Experts say to review coverage annually, or more often as circumstances change. Consider these key points:
TRUCK VALUE. Because equipment depreciates, you’re almost bound to get a reduced physical damage premium if you haven’t checked your stated value in a year or more. It can be difficult to estimate your equipment’s value, so call your agent.
And don’t kid yourself about insuring your truck for an inflated value, figuring you’d simply get a little cream if it were totaled. “Typically you’d get the lesser of the actual cash value or the stated value,” says Cory Fischer, a product manager for insurance provider Progressive.
DEDUCTIBLE. A rough economy can call for taking more calculated risks. The emphasis is on calculated, though. Moving to a higher deductible to lower your premiums is a great idea as long as you can cover that deductible. Or, in the case of an independent, it could mean covering damage and cargo deductibles in the same wreck, as well as costs such as downtime and legal fees. Business-related insurance isn’t worth much if it doesn’t ensure that you at least pop back to the surface after being swamped by accident-related costs.
Most owner-operators go with a $1,000 damage deductible, says Brent Hogan, an underwriting manager for Zurich North America Commercial. But “if you’re willing to have a little more skin in the game,” bumping up to a $2,500 deductible provides a modest savings on premiums, he says.
Some companies offer single deductibles on multiple coverages, such as damage and cargo, Hogan says. This can at least reduce your risk in a major accident.
YOUR OPERATION. When your business changes in big ways – type of freight, lanes, type of trailer pulled – it could mean you need more or less coverage. That’s one of the most common factors owner-operators overlook, Hogan says. For the most accurate and cost-effective coverage, he says, give your insurance agent as much detail as possible.

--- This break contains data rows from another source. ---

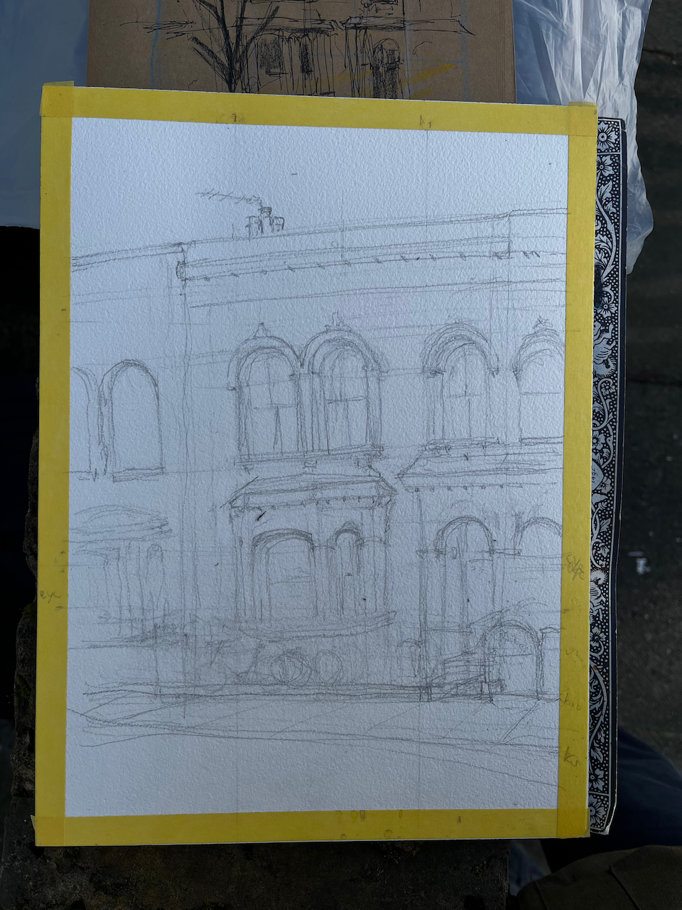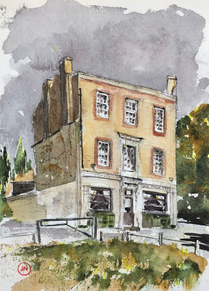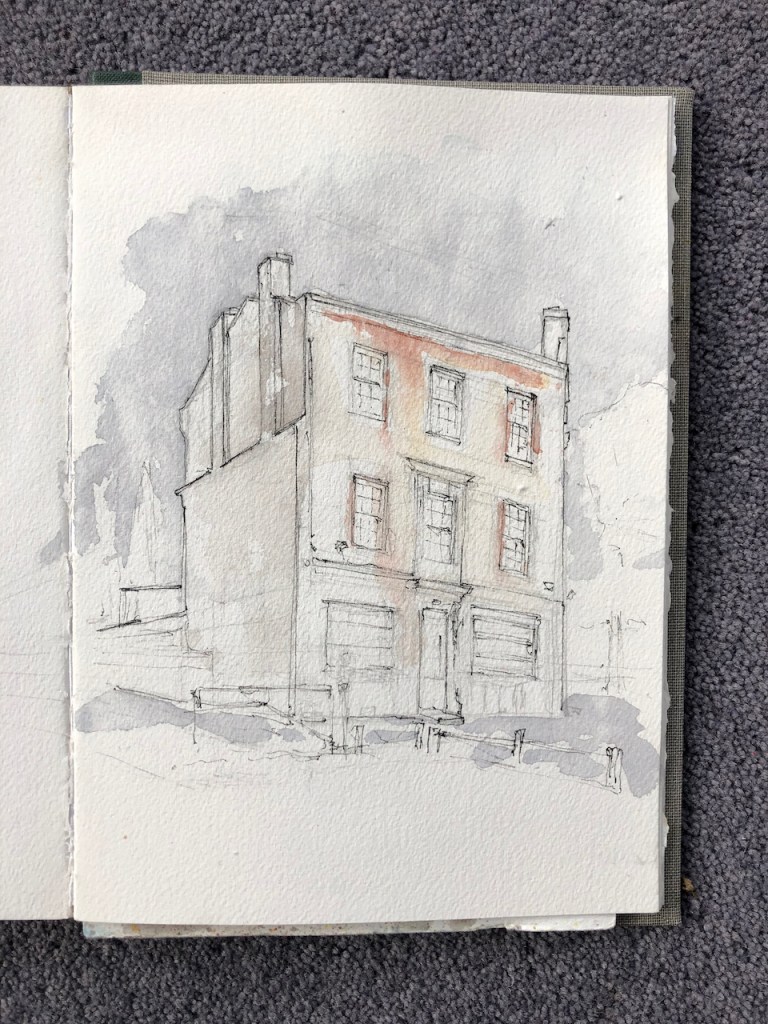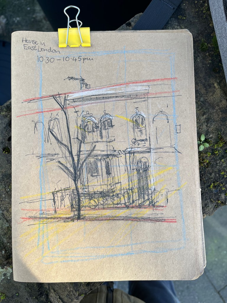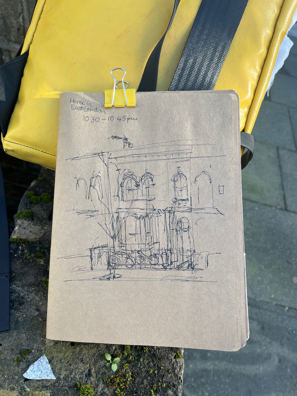 The fences in my drawing are the perimeter of a Thames Tideway tunnel construction site. The Thames Tideway Tunnel carries sewage from central London to Becton Sewage Treatment Works. It runs under the Thames. At various points there is a junction between this main sewer and a local sewerage system. The site at King Edward VII is one such junction.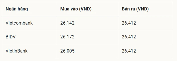 Các ngân hàng thương mại lớn cũng đồng loạt giữ giá giao dịch quanh vùng 26.412 đồng/USD, cho thấy áp lực cung – cầu trên thị trường không có biến động khiến hệ thống ngân hàng chưa cần điều chỉnh biểu tỷ giá.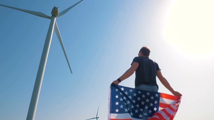 Native American boy with flag with stars and stripes near giant windmills in the field. Love to your country. Celebrating 4th July Independence Day. 4K in slow motion. American dream.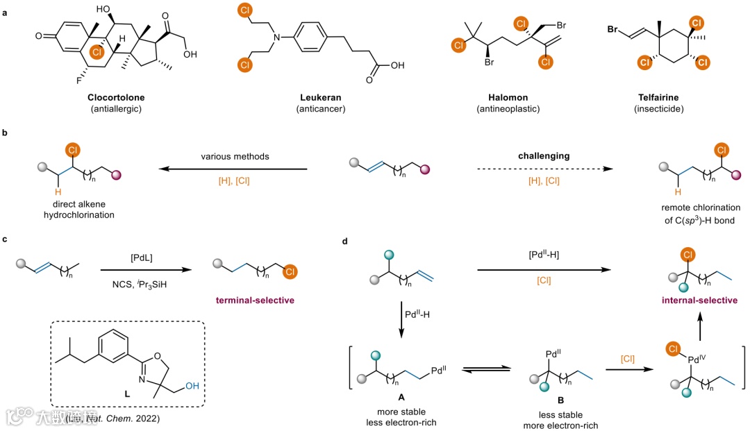 鉴于烯烃原料丰富易得,烯烃氢氯化是合成烷基氯化物最直接和最有吸引力的方法之一。通常,氢原子和氯原子倾向于直接加成到C=C键上(图1b)。虽然烯烃远程氢氯化能通过C(s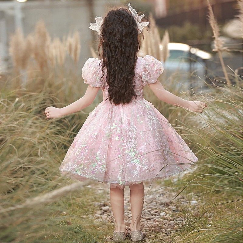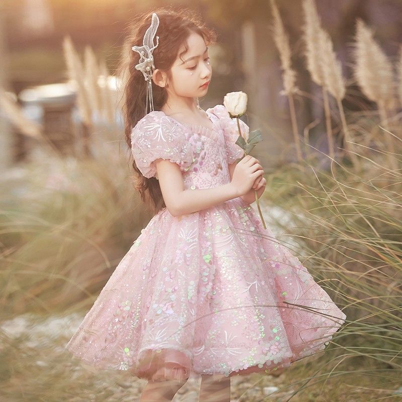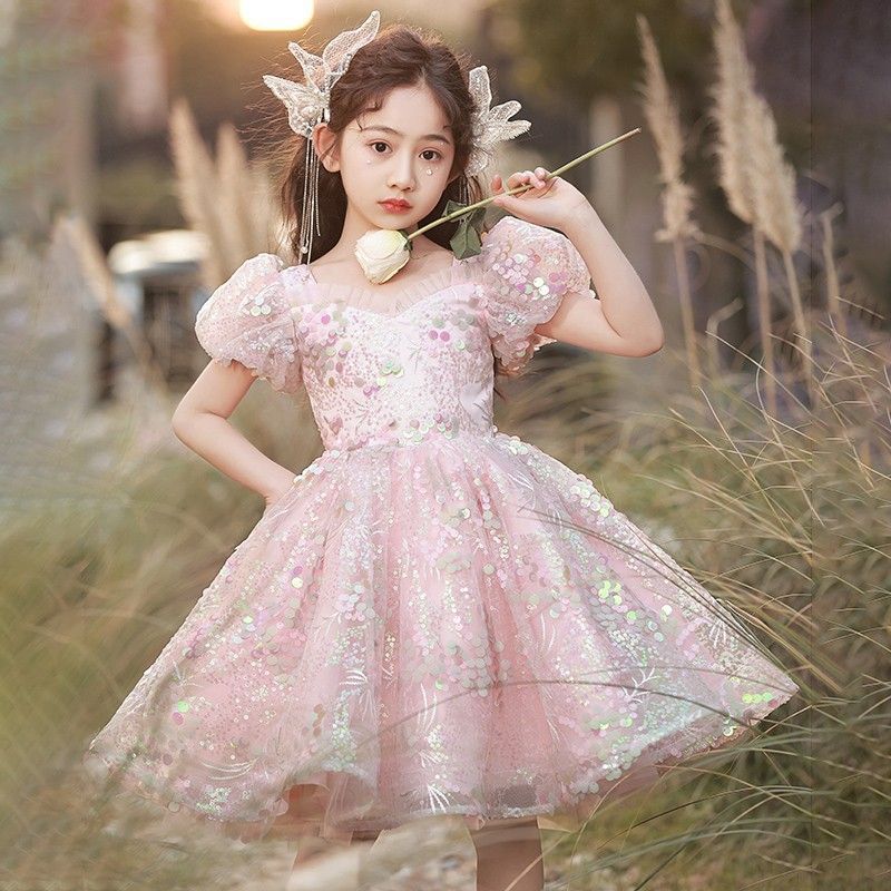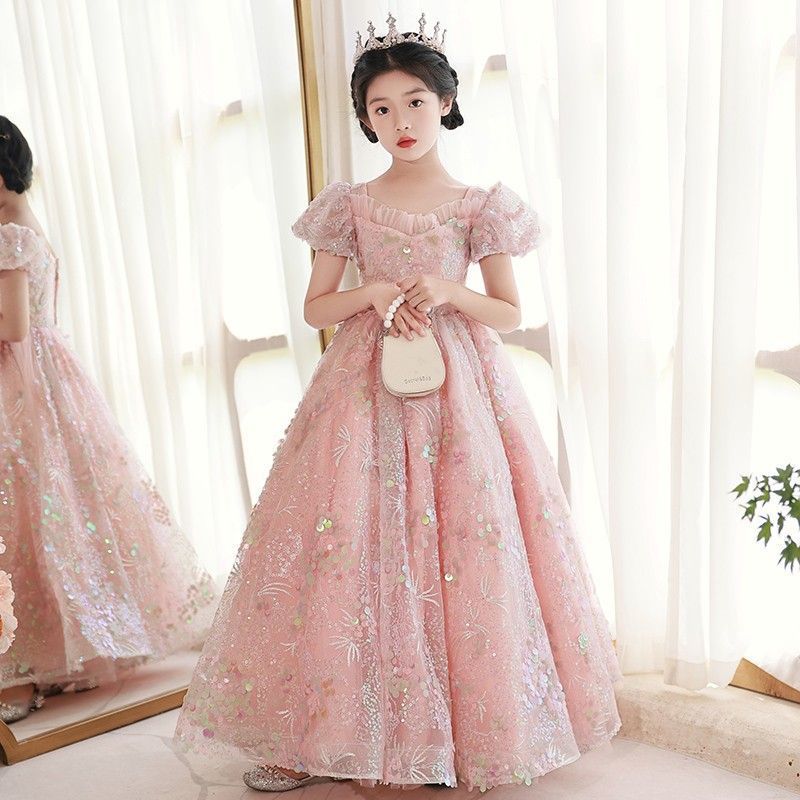 粉色大码超仙泡泡袖公主裙小女孩花童亮片重工钢琴主持人模特礼服

DEALS, DEALS, DEALS. Insurance companies, as with any other competitive sector, are always looking for creative angles to snare new business. “Companies are constantly changing rates, offering new discounts,” Fischer says. Such offers could be based on years accident-free or years leased to the same carrier. “If you’ve turned 40, you might get a lower rate with us than the year before,” he says.

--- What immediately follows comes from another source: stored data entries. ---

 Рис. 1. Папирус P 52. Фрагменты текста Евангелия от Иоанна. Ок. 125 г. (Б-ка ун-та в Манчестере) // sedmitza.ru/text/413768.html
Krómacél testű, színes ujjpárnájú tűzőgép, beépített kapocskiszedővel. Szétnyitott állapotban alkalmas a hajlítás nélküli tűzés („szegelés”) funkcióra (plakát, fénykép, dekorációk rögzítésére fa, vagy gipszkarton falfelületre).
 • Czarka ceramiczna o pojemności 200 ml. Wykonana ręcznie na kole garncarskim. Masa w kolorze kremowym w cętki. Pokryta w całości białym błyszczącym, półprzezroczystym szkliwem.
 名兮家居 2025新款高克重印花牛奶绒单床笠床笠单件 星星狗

Those who have trucking-related policies with different companies can often find a better deal by bundling policies with one provider, he says.

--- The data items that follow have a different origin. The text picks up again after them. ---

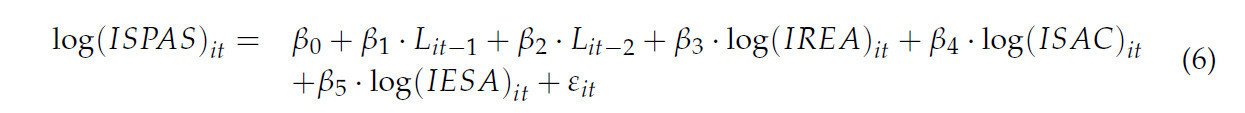 Модель оценки динамической панели Арелляно-Бонда анализирует взаимосвязи в панельных наборах данных, где запаздывающие зависимые переменные включены как регрессоры. Устойчивость сельскохозяйственной эффективности анализируется в разных регионах (DMU-ЕС27, кроме Мальты и Люксембурга) за период 2012–2022 гг., используя композитные индикаторы (ISPAS, IREA, ISAC и IESA), полученные из экономических и экологических метрик. Эта методология ценна для оценки устойчивости сельского хозяйства, поскольку учитывает ненаблюдаемую неоднородность, эндогенность и динамические взаимосвязи с течением времени. Уравнение модели может быть определено следующим образом: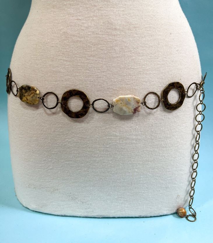 Metal chain belt with natural stones. Lobster claw closure. Color/texture may vary due to natural material. Length: 46" ...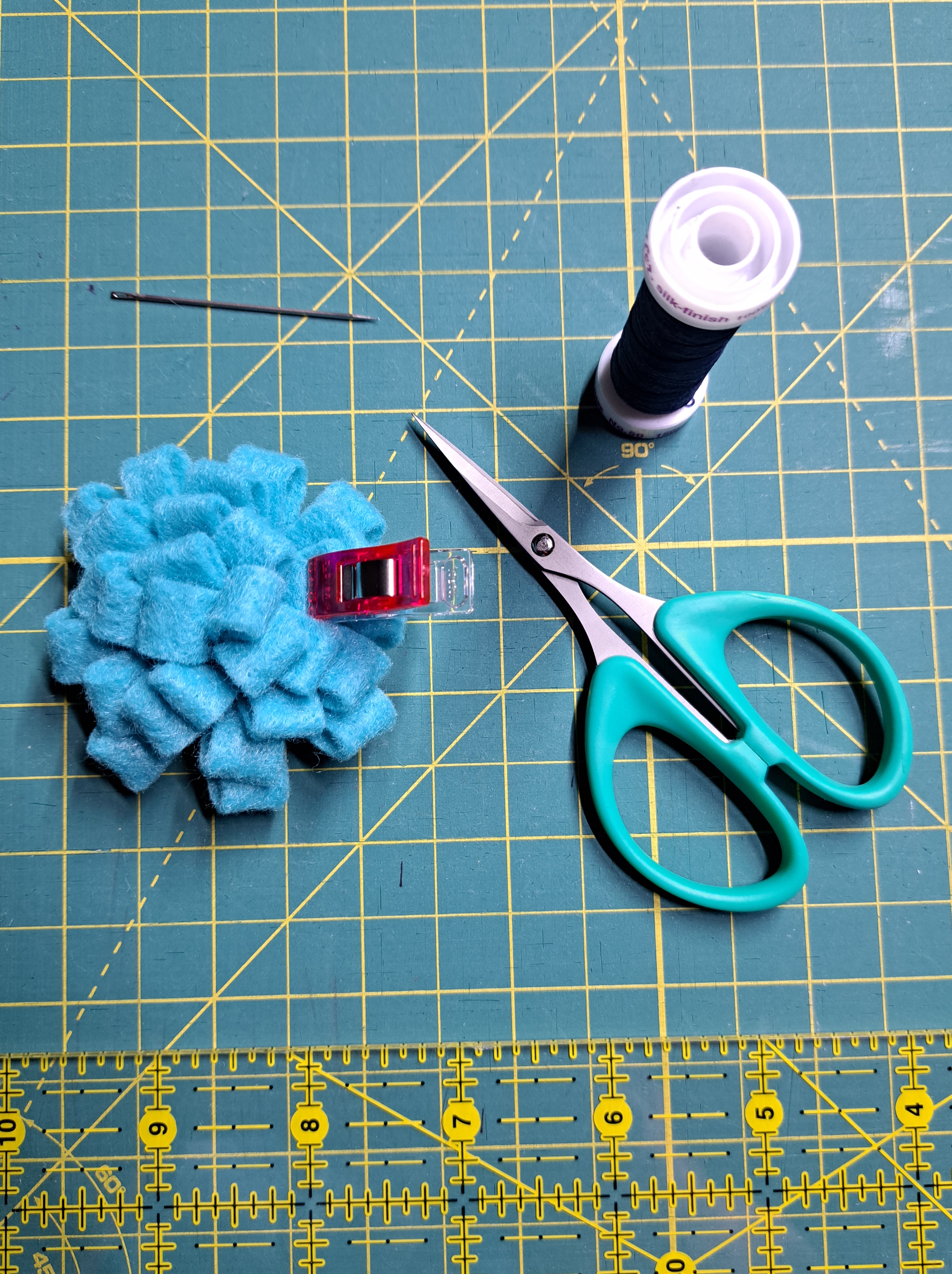 As promised last week, I have taken photos of the steps for making these cut felt flowers for holding clips. I love using clips when I do my bindings. Much easier to use than pins. I don’t get stuck!

SHOP AROUND. With all the adjustments and decisions involved in leasing to a new carrier, carrier-offered insurance that’s done with a settlement deduction can be attractive to owner-operators because of its convenience. “All too often, they take the easy way out,” Fischer says. Instead, try to find a better deal by shopping with agents who know trucking.
As you compare policies, look beyond the premium, Fischer says. For example, does a policy have a cap on a towing fee or will it cover any towing fee? Does a policy provide partial or full reimbursement for a rental truck while yours is repaired?
AVOID FINANCING PREMIUMS. Because some companies require a big part of a year’s premium be paid up-front, some owner-operators – especially those whose bad driving or credit record requires a huge down payment – get that amount financed, Hogan says. Instead, he suggests, check with the provider to see if a lower-cost, flexible payment plan can be worked out.